Unnamed: 0,Sample_ID,Year,Country,Continent,Beta.lactamase,Azithromycin,Ciprofloxacin,Ceftriaxone,Cefixime,Tetracycline,...,log2_cro_mic,log2_cfx_mic,log2_tet_mic,log2_pen_mic,azm_sr,cip_sr,cro_sr,cfx_sr,tet_sr,pen_sr
0,ERR1549286,2015.0,UK,Europe,,>256,,0.016,,,...,-5.965784,,,,1.0,,0.0,,,
1,ERR1549290,2015.0,UK,Europe,,>256,,0.004,,,...,-7.965784,,,,1.0,,0.0,,,
2,ERR1549291,2015.0,UK,Europe,,>256,,0.006,,,...,-7.380822,,,,1.0,,0.0,,,
3,ERR1549287,2015.0,UK,Europe,,>256,,0.006,,,...,-7.380822,,,,1.0,,0.0,,,
4,ERR1549288,2015.0,UK,Europe,,>256,,0.008,,,...,-6.965784,,,,1.0,,0.0,,,


In [3]:
# Loading azithromycin data
unitigs_azm = pd.read_csv('../data/external/azm_sr_gwas_filtered_unitigs.Rtab', sep='\s', engine='python')
unitigs_azm.head()

Unnamed: 0,pattern_id,ERR1549286,ERR1549290,ERR1549291,ERR1549287,ERR1549288,ERR1549299,ERR1549292,ERR1549298,ERR1549296,...,ERR2172345,ERR2172346,ERR2172347,ERR2172348,ERR2172349,ERR2172350,ERR2172351,ERR2172352,ERR2172353,ERR2172354
0,CTTAACATATTTGCCTTTGATTTTTGAAGAAGCTGCCACGCCGGCAG,0,0,0,0,0,0,0,0,0,...,0,0,0,0,0,0,0,1,0,0
1,TACCGTAACCGGCAATGCGGATATTACGGTC,0,0,0,0,0,0,0,0,0,...,0,0,0,0,0,0,0,0,0,0
2,CAGACGGCATTTTTTTTGCGTTTTTCGGGAGG,0,0,0,0,0,0,0,0,0,...,0,1,0,0,0,0,0,0,0,0
3,AACGGGTTTTCAGACGGCATTCGATATCGGGACG,0,0,0,0,0,0,0,0,0,...,0,0,0,0,0,0,0,0,0,0
4,CCAAAAATTACCCGCGTTGACGTAGCTAAAGA,0,0,0,0,0,0,0,0,0,...,0,0,0,0,0,0,0,0,0,0


In [4]:
# Loading ciprofloxacin data
#unitigs_cip = pd.read_csv('../data/external/cip_sr_gwas_filtered_unitigs.Rtab', sep='\s', engine='python')
#unitigs_cip.head()

In [5]:
# Loading ceftrixone data
#unitigs_cfx = pd.read_csv('../data/external/cfx_sr_gwas_filtered_unitigs.Rtab', sep='\s', engine='python')
#unitigs_cfx.head()

# HEY BRENDAN MAKE SURE YOU DO THIS LATER
### 2.2 Data Joining

Each unitig file needs the samples' MIC data for the respective antibiotic.

In [6]:
# Print shape of each DataFrame
print("mic_data shape: " + str(mic_data.shape))
print("unitigs_azm shape: " + str(unitigs_azm.shape))
#print("unitigs_cip shape: " + str(unitigs_cip.shape))
#print("unitigs_cfx shape: " + str(unitigs_cfx.shape))

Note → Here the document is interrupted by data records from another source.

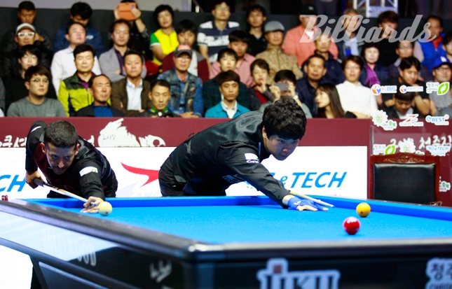 [빌리어즈=청주/김민영 기자] '2017 청주직지 3쿠션 월드컵'에서 '한국 당구의 대들보' 김행직(25∙전남당구연맹)과 터키의 월드컵 챔피언 무랏 나시 초클루(43∙세계 랭킹 9위)가 결승에서 만났다. 사진은 결승전 뱅킹 장면.
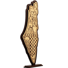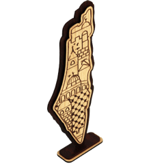 قطعة ديكور خشبية على شكل خريطة فلسطين مع نقش جميل وقاعدة ثابتة للعرض.
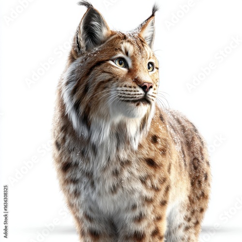 Lynx Portrait with Snow, Isolated White Background
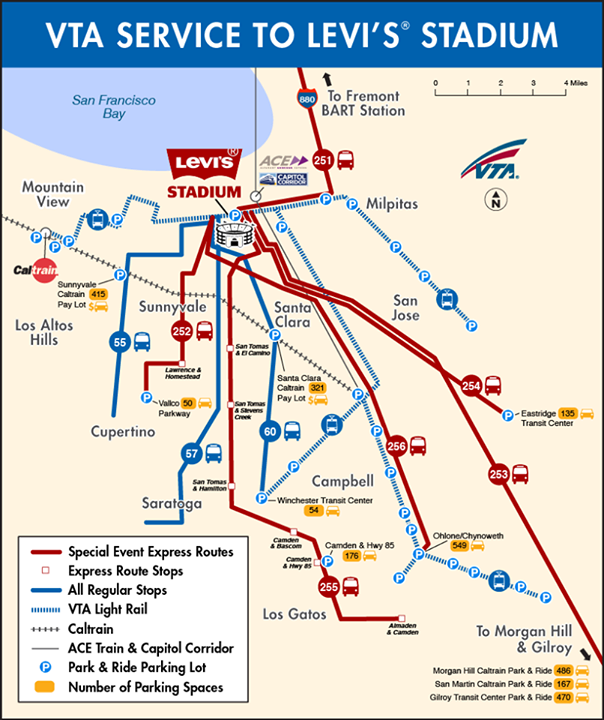 After hosting Super Bowl 50 ten years ago, Levi's Stadium in Santa Clara will once again host the big game. The stadium is located in close proximity to Silicon Valley hotels, restaurants, and visitor attractions. Public transit is also available via Valley Transportation Authority Light Rail (VTA).
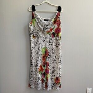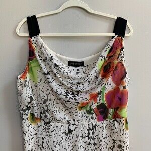 Lane Bryant Floral Fit Flare Cowl Neck Dress Sz16 White Sleeveless Artsy Roses
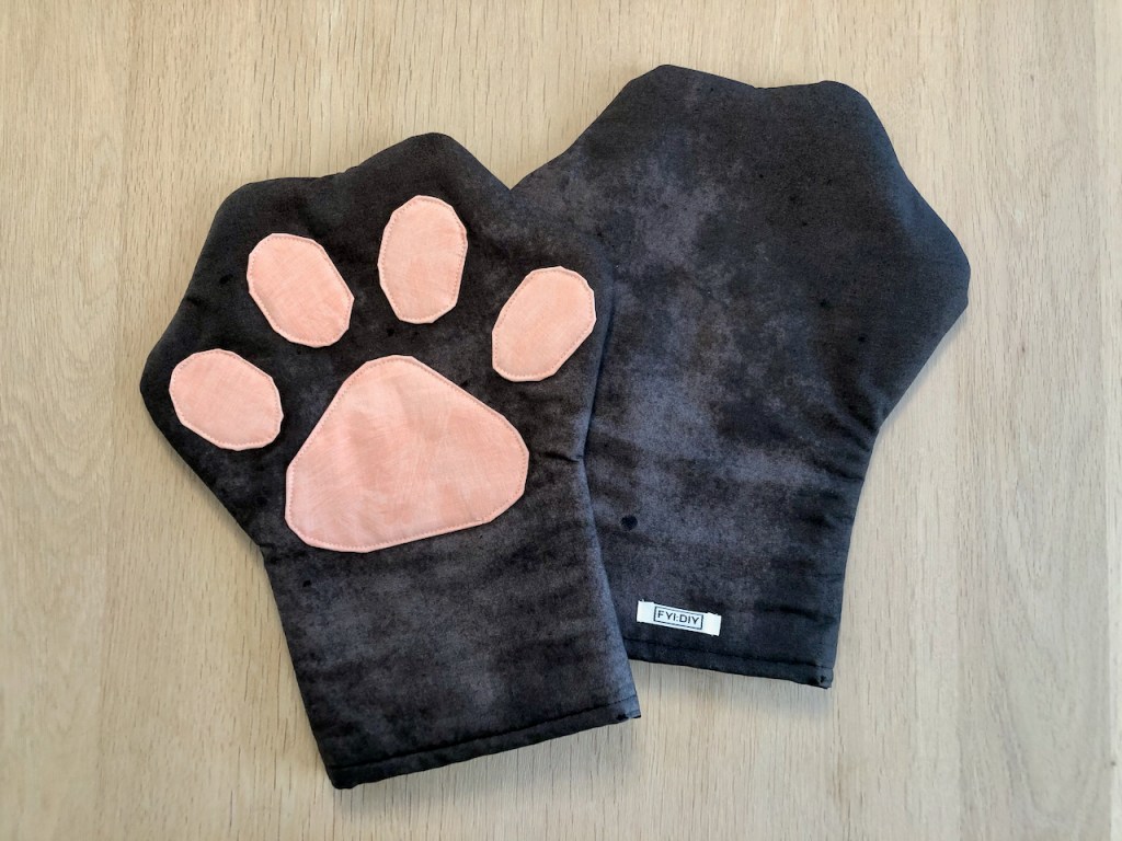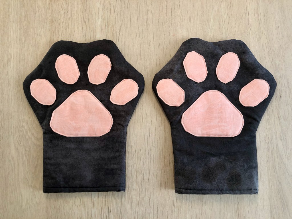 Disse grillvottene sydde jeg til min katteelskende svigerinne til jul, og av en eller annen grunn har jeg ikke rotet meg til å skrive om dem før nå. Men grillvotter er da minst like aktuelle nå som det nærmer seg sommer!
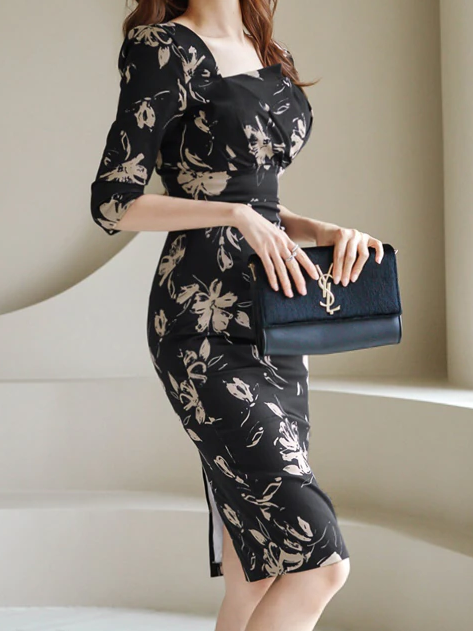 New Arrival Knee Length Printed Black Pencil Dress
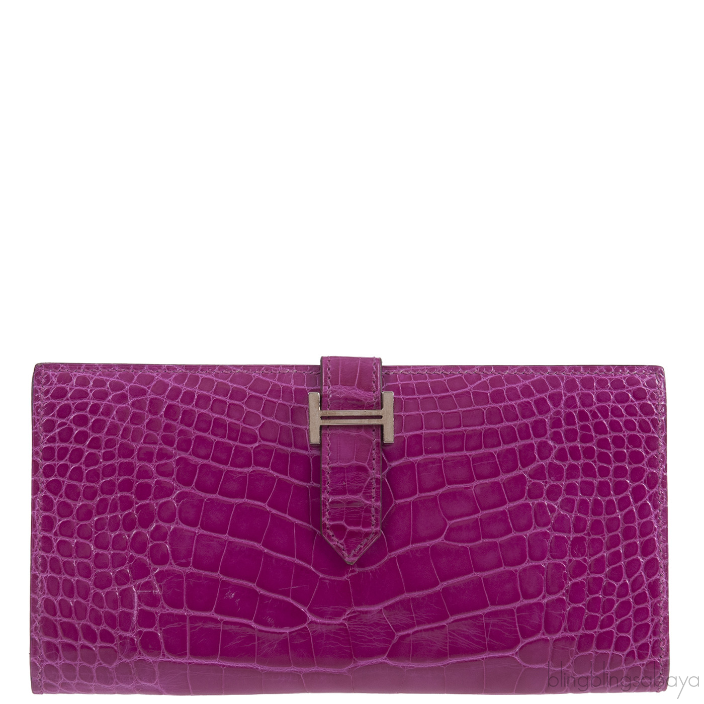 Hermes Bearn Rose Tyrien Crocodile Wallet
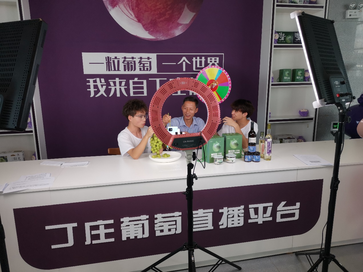 自8月份起,经济与人文学院教工第二党支部联合学生党支部通过“亚夫科技服务”团队,主动对接句容市茅山镇丁庄葡萄合作联社、丁庄葡萄分拣中心、甜静家庭农场等经营主体,开展“丁庄葡萄产业新零售技术服务模式示范与推广”活动,共建“葡萄新零售技术培训基地”,运用新零售技术帮助农户搭建线上网店,进行农产品短视频及直播推介,拓宽新零售销售渠道,打造农产品零售“新业态”。师生团队通过拼多多、淘宝、微信小程序等多元化平台,每天以巨峰、夏黑、阳光玫瑰等主打品种完成1-2场在线直播销售活动,目前已累计直播100余场,帮助农户增收100余万元。

mic_data shape: (3786, 31)
unitigs_azm shape: (515, 3972)


'mic_data's rows contain the sample id's while the unitig files have the sample id's as columns, so I will transpose them. Additionally, the 'mic_data' has 3786 rows while the unitigs all have 3972 columns, so some samples might not have MIC data.

In [7]:
# Set index to 'pattern_id' and transpose
unitigs_azm_T = unitigs_azm.set_index('pattern_id').T

# Reset index and rename column 'sample_id'
unitigs_azm_T.reset_index(inplace=True)
unitigs_azm_T = unitigs_azm_T.rename(columns = {'index':'Sample_ID'})
unitigs_azm_T.head()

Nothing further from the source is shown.